US Treasuries and German Bunds had a similar intraday trading pattern. They lost some ground in the early stages of European trading, but turned north during the US session. Moves were technically insignificant and we didn’t find a real driver. The correlation with Italian markets or stock markets was absent yesterday and even the other way around with Italian BTP futures and main equity indices following the same intraday journey as Bunds (first lower, than recovering). That’s rather strange from a risk point of view. The US yield curve bull flattened with yields up to 3.6 bps lower (30-yr). Intraday US yield changes take into account Monday’s absence (Columbus Day). German yields increased by 0.8 bps (30-yr) to 2 bps (10-yr) with the belly of the curve underperforming the wings. 10-yr yield spread changes vs Germany ended broadly unchanged with Italy (-11 bps) and Greece (-8 bps) outperforming.

Asian stock markets are mixed overnight with Korea underperforming, returning from a national holiday. The US Note future treads water in a very tight range despite an avalanche of headlines (see above). We expect a neutral opening for the Bund as well.

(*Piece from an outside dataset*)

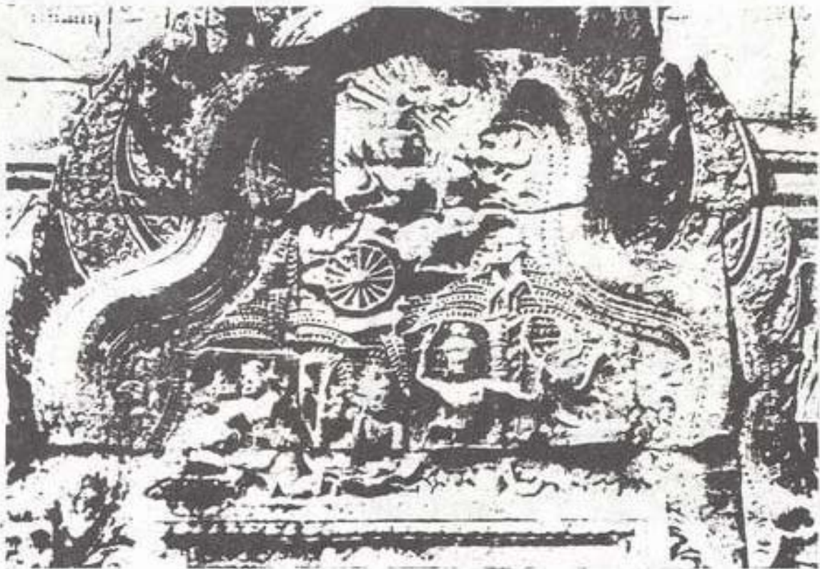
รูปที่ 8. ภาพสลักบนหน้าบันตอนทศกัณฐ์ลักนางสีดา ปราสาทหินพนมรุ้ง จังหวัดบุรีรัมย์

Today’s eco calendar contains US PPI data. Markets are rather sensitive to pride developments these days. Consensus expects a 0.2% M/M and 2.7% Y/Y increase. The US Treasury starts its mid-month refinancing operation with a $36bn 3-yr Note auction and a $23bn 10-yr Note auction. US Treasuries could lose some ground in the run-up to the auction. It will be interesting to see how strong demand is. Are buyers already interested following the latest increase in yields or do they expect the upleg to continue and stay sidelined for a while? We’d still shun BTP’s despite yesterday’s intraday rebound. The parliamentary budget watchdog indicated that next year’s growth forecast (1.5%) is several points too high, suggesting that the 2.4% deficit target is unrealistic. The watchdog has no blocking powers, but hands more ammo to the EU which is also at odds with the Italian proposals. Tomorrow’s BTP auctions are an important gauge for appetite. Technical pictures of European equity markets remain heavy, lining up for a test of key support as we approach the start of Q3 earnings season. The Bund’s performance so far this week has been rather disappointing given these risk factors. From a technical point of view, the US 10-yr yield broke key resistance earlier this month, suggesting more upward potential medium term. Next resistance levels are 3.32% and 3.79% (50% and 62% retracement from 2007-2016 decline).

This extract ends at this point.